Berx: So what do you think of the scene out here? Is it all Lady boys and Gary Glitter types?

Kela: No it’s not. I find that every time I post something on Facebook I get all these people making lady-boy jokes and it couldn’t be further from the truth. I don’t understand where it comes from it’s not anything like that. It’s just bad press.

Berx: Have you seen much in the way of local hip-hop while you’ve been here?

Kela: Yeah, I was in the studio in Bangkok with a group called Thaitanium. I walked into their office and they’ve got a studio and a radio station and marketing and live radio feeds and a TV show…They’ve got it nailed. Hung drawn and quartered…and next door they’ve got a hairdressers! Also Kentaro he’s a sick DJ. I’ve heard a bit about this NGO hip-hop collective TinyToones as well. It sounds wicked, but I wasn’t here long enough to get down there this time.

Berx: So you’re only in Cambodia for about 18 hours, you’re off to Hanoi now. Do you think we can expect to see you back out here at any point in the future?

Kela: Yeah, well I’ve got some redeeming to do I feel like I’ve only managed to see a small snapshot. It seems like the CP5 guys are putting in a lot of work in terms of getting a scene going, but there’s more ground to be covered and I’d love to come back and be a part of that. Obviously there are a lot of people here that have never seen beatboxing…although I suppose there’s a lot of people here who haven’t seen MacDonald’s yet so that’s all still to come.

Berx: Do you have any advice for young Cambodian beatboxers or artist’s who want to get heard?

Kela: Just do it man. Lose your inhibitions forget what you’re told to say and just create your own language. Just Beatbox. I mean there’s a wealth of information out there on the internet. Just take advantage of that to get up to speed and learn as much as you can.

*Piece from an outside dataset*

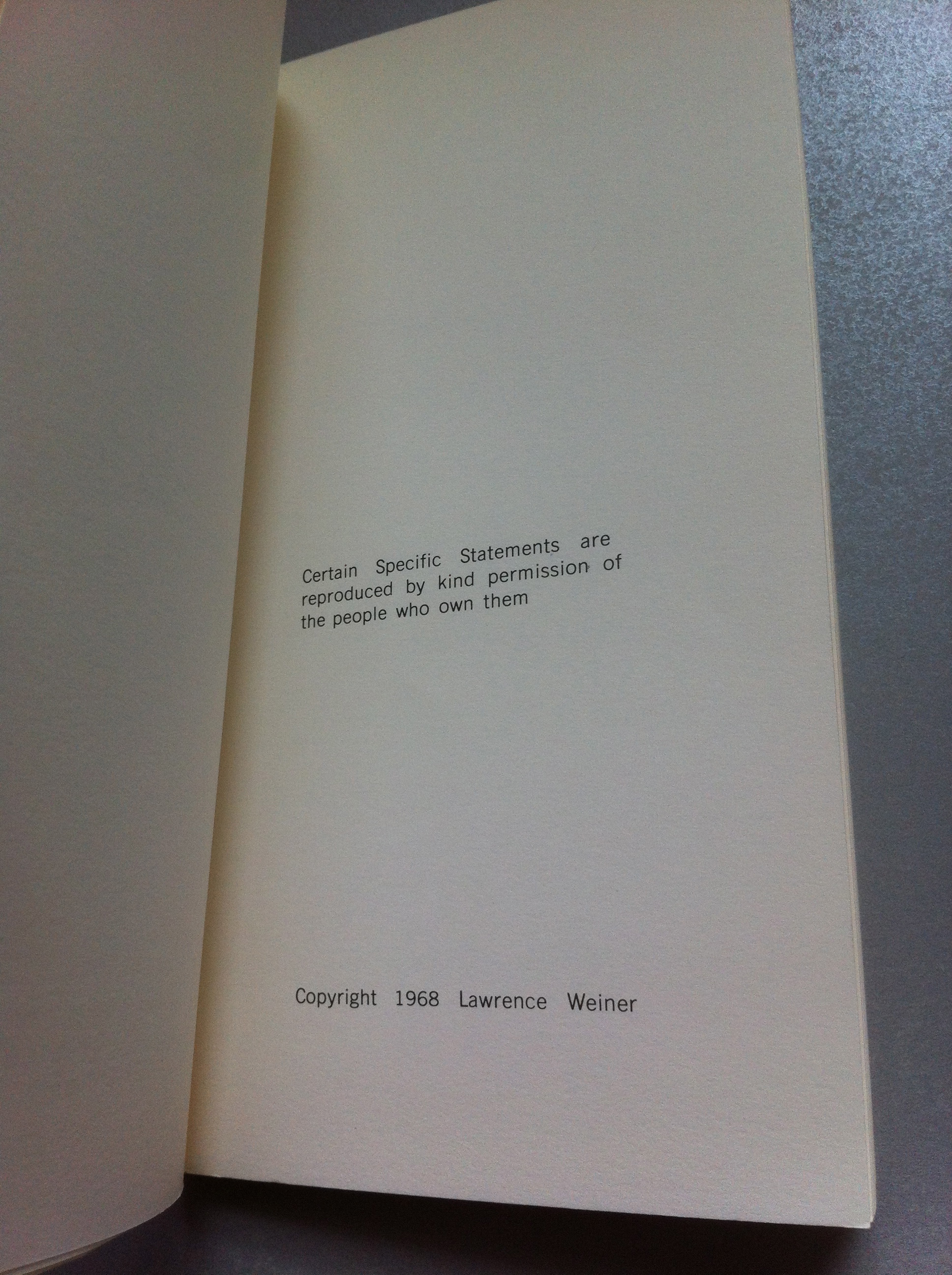 Vorwort 24. August 2012 Return to: Künstlerbuch | Artists‘ book: Lawrence Weiner. Statements, 1968Volle Auflösung (1936 × 2592) Image navigation Vorheriges Bild Nächstes Bild

The scene at home can get quite incestuous. Just because beatboxers copy other beatboxers so the sound gets diluted. But it’s all about your own style and I think that maybe that’s what’s lacking. There are always techniques you’d have to learn but you should apply it to your own style. I mean that’s the future isn’t it these new kids.

I think it’s when you come to places like Cambodia that you realise that nobody can ever be the world’s number one, that no one could constantly be coming up with new sounds when they are constantly copying and rehashing each other’s stuff. And it’s places like this where it all begins again. I’d love to be part of it.